Society hopes Hurst House debacle on way to being resolved

Chesterfield and District Civic Society are hopeful that neglected Hurst House will soon be for sale – one of the first steps in assuring a future for the Grade II listed building on Abercrombie Street, Chesterfield.

Empty since 2014, the property has been part of a wrangle involving the Chesterfield Schools Foundation charity, who owned the property, and transfer of that charity’s assets into a county-wide Foundation Derbyshire charity. The society has been concerned for some time over what it sees as a failure to resolve this and various other issues including the sale of Hurst House. The property has been deteriorating and has recently been the subject of break-in attempts.

Society Chairman Howard Borrell says; ‘I have had a positive discussion with County Councillor Lud Ramsey and the County Council’s Corporate Secretary about Hurst House. Apparently, several months ago it was agreed that the property would be marketed – with action on this now to be chased.  It was also agreed that some remedial work might be carried out to give the property a good chance of being sold.

‘Security issues were also raised with an acceptance that this needs to be improved.  In short, the society is now much more hopeful for the future of this property and hopes it will be soon sold into an owner who will be able to care for it.

Chesterfield and District Civic Society Chairman Howard Borrell (Left) with Society Secretary Frank Gorman outside Hurst House.  

Society Hon.

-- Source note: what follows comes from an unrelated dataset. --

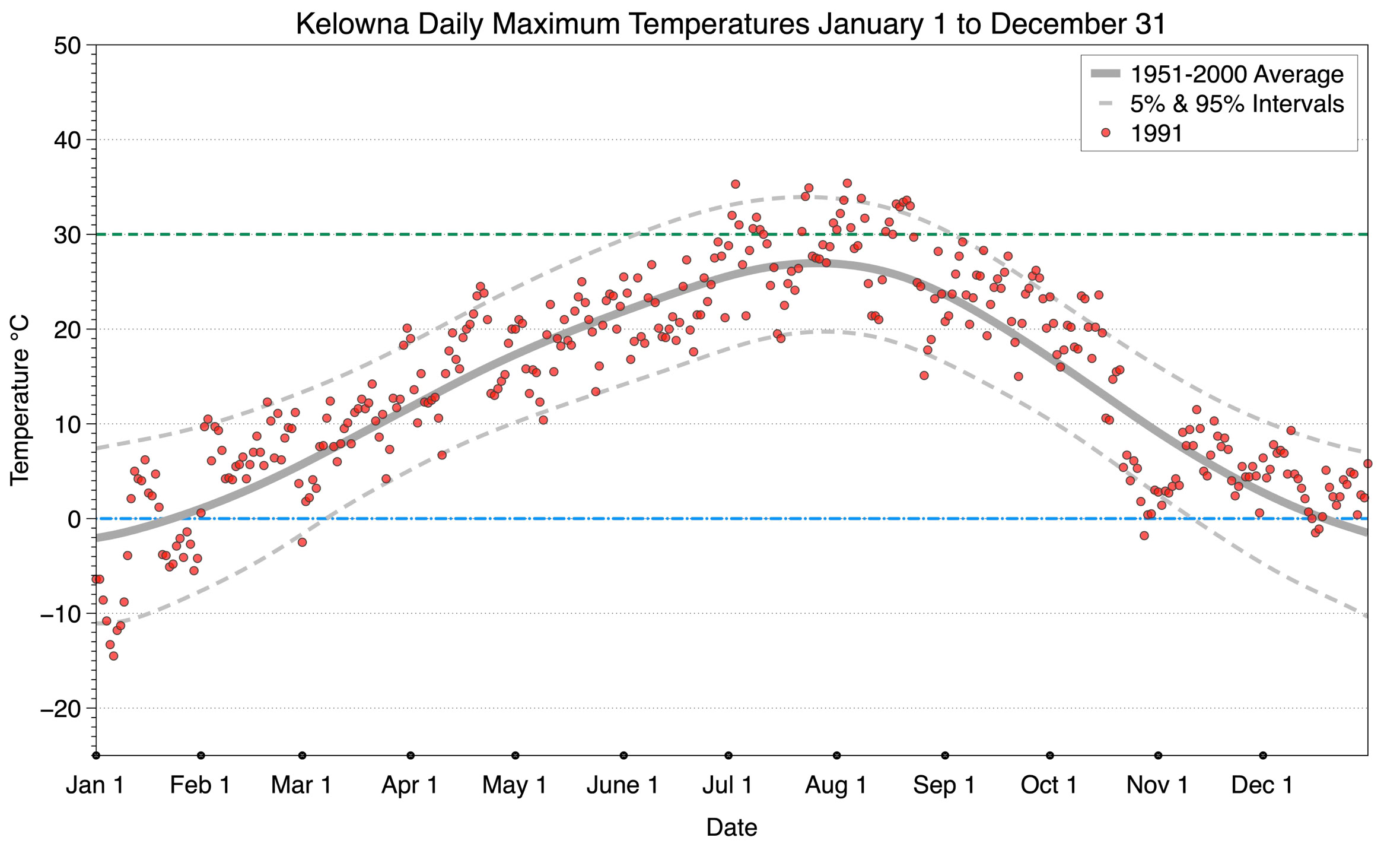 The graph below displays the day-to-day values of maximum daily temperature (red dots) at Kelowna for the year 1991. On this graph, the dark grey thick center line is the average daily temperature calculated from 50 years of data from 1951 to 2000. The dotted light grey lines are the 5% and 95% probability intervals - about 90% of the data from 1951 to 2000 fell within these boundaries. Daily temperatures can be considered as extreme cold or extreme hot events if they that fall outside the 5% or 95% probability intervals, respectively. In Canada, temperatures above 30°C (green dashed line) are considered extreme daily temperatures.

Secretary Frank Gorman comments: ‘We remain concerned about various aspects of the charity and its amalgamation. For example, educational grants to applicable Chesterfield people have not been made for some time. The building has also been empty for far too long and repairs should not be charged to the charity but borne by the county council, who have let this situation develop. We are hopeful, though, that this part of the saga, involving Hurst House, is now nearing at least the beginning of the end.’

Built as a private house in about 1840, Hurst House was occupied by Chesterfield Grammar School from 1928 until 1967, later becoming a popular community education centre. It is listed in Historic England’s ‘National Heritage List for England’ and sits within the Abercrombie Street Conservation Area.

The society has pledged to continue monitoring Hurst House, which it sees as an important building in Chesterfield and is currently listed on its own ‘Unloved and Heritage Buildings at Risk’.